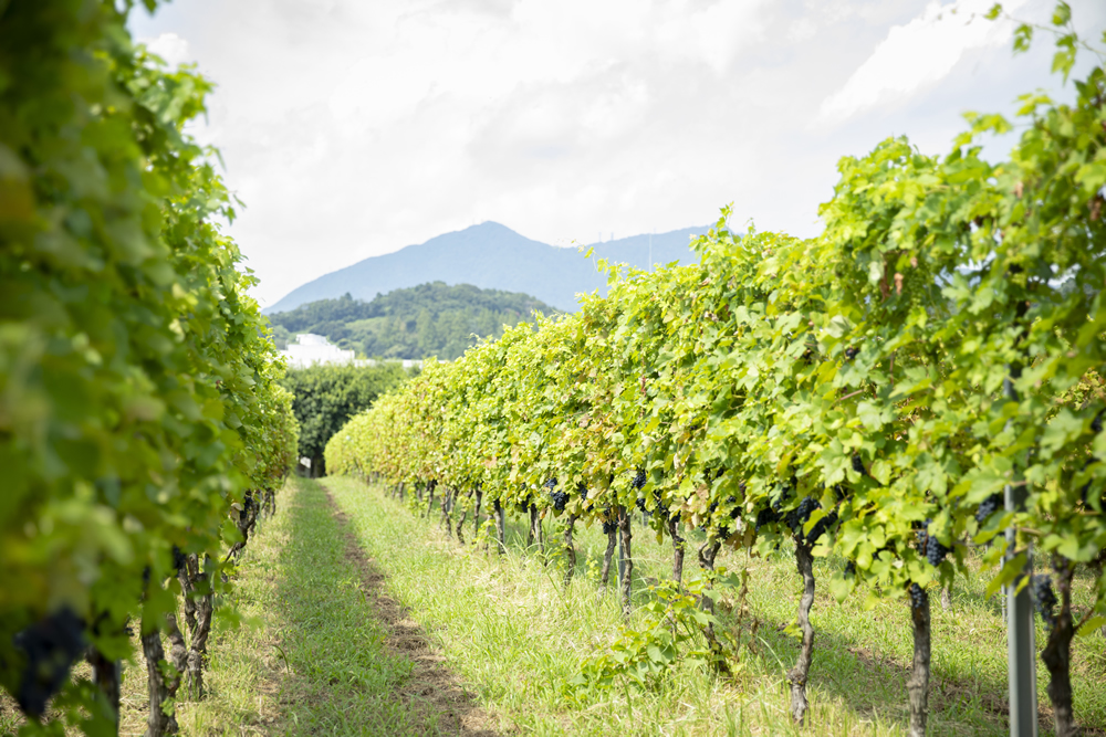 茨城の名峰・筑波山の景色、自然に囲まれた美しいぶどう畑。
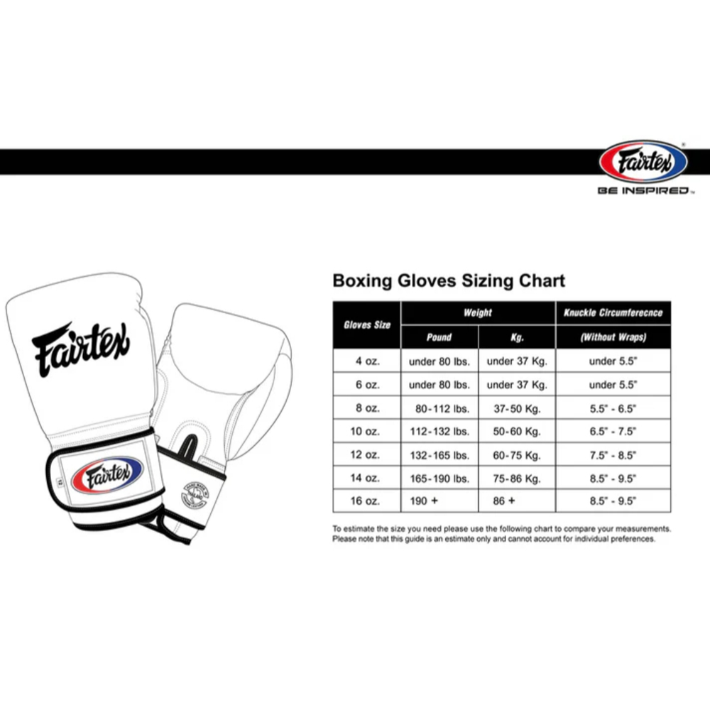 บรรจุภายในกล่อง: 1 คู่นวมชกมวย Fairtex สำหรับแข่งขันรุ่น BGL6 Pro มาพร้อมเชือกรัดตรงข้อมือเผื่อความกระชับ ออกแบบมาโดยเฉพาะสำหรับใช้ในการแข่งขันอย่างเป็นทางการ เช่น K-1 USA, K-1 Brazil, K-1 GP, ISKA, Strike Force, WBC มวยไทย และรายการชิงแชมป์ระดับโลกอื่นๆ
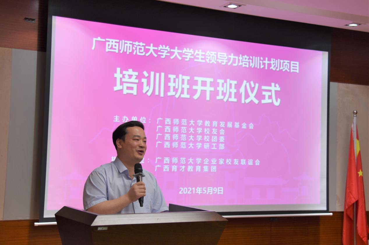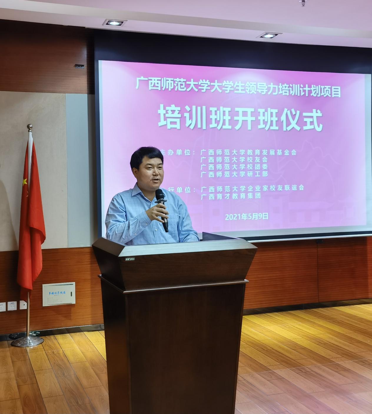 承办方代表广西育才教育投资集团梁国坤校友在开班仪式上发言。他表示,自己大学和研究生生活都是在师大度过,母校的情怀让他在注册创立第一个企业的时候使用了“育才”这两个字。他通过自身的学习和工作经历意识到,要想让大学生在毕业之后迅速和社会接轨,在大学期间接受社会实践培训是非常必要的。为此,此次培训设立了专门的社会调查课程,希望同学们通过学习,锻炼毅力,增强才干,提高认知,并在未来的社会工作中切身感受到这次培训的作用和价值。
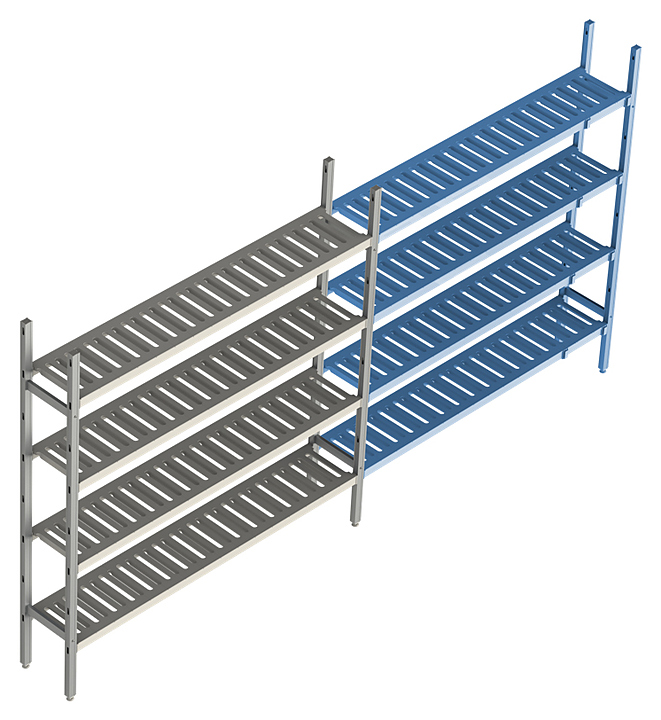 Модульный стеллаж POLAIR LOAD.ME POLY 21AL.4PP50.10Е предназначен для хранения продукции в холодильных и морозильных камерах, кухнях, лабораториях, на предприятиях общественного питания и торговли, а также в прачечных и других местах общего хранения. Модель оснащена 4 регулируемыми по высоте полками-решетками и ножками. Разборный каркас выполнен из анодированного алюминиевого профиля, полки - из армированного полипропилена, ножки - из прочного композитного сплава. Модель представляет собой дополнительную линейную секцию модульной стеллажной системы и может стыковаться в линию с базовой и дополнительной угловой секциями. Комплектация:
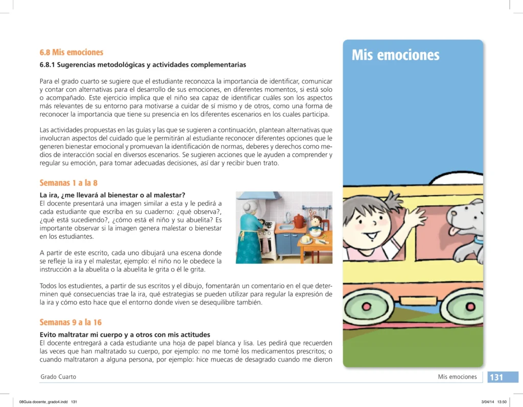 La Guía docente grado cuarto emociones y actividades complementarias se erige como un faro de inspiración para los educadores, fortaleciendo su rol como agentes de cambio político y ético en el aula. Este recurso fomenta la autonomía docente y el codiseño curricular, promoviendo un pensamiento crítico. Con un enfoque metodológico y conceptual, enriquece la práctica educativa y fortalece el vínculo escuela-comunidad, en alineación con el Ministerio de Educación de Colombia.

▶ _Task goal_
Exactly reproduce the lines that run from the first line of the listing above to the line containing "承办方代表广西育才教育投资集", including both; omit the pictures.

▶ _Output of the task_
 茨城の名峰・筑波山の景色、自然に囲まれた美しいぶどう畑。
 บรรจุภายในกล่อง: 1 คู่นวมชกมวย Fairtex สำหรับแข่งขันรุ่น BGL6 Pro มาพร้อมเชือกรัดตรงข้อมือเผื่อความกระชับ ออกแบบมาโดยเฉพาะสำหรับใช้ในการแข่งขันอย่างเป็นทางการ เช่น K-1 USA, K-1 Brazil, K-1 GP, ISKA, Strike Force, WBC มวยไทย และรายการชิงแชมป์ระดับโลกอื่นๆ
 承办方代表广西育才教育投资集团梁国坤校友在开班仪式上发言。他表示,自己大学和研究生生活都是在师大度过,母校的情怀让他在注册创立第一个企业的时候使用了“育才”这两个字。他通过自身的学习和工作经历意识到,要想让大学生在毕业之后迅速和社会接轨,在大学期间接受社会实践培训是非常必要的。为此,此次培训设立了专门的社会调查课程,希望同学们通过学习,锻炼毅力,增强才干,提高认知,并在未来的社会工作中切身感受到这次培训的作用和价值。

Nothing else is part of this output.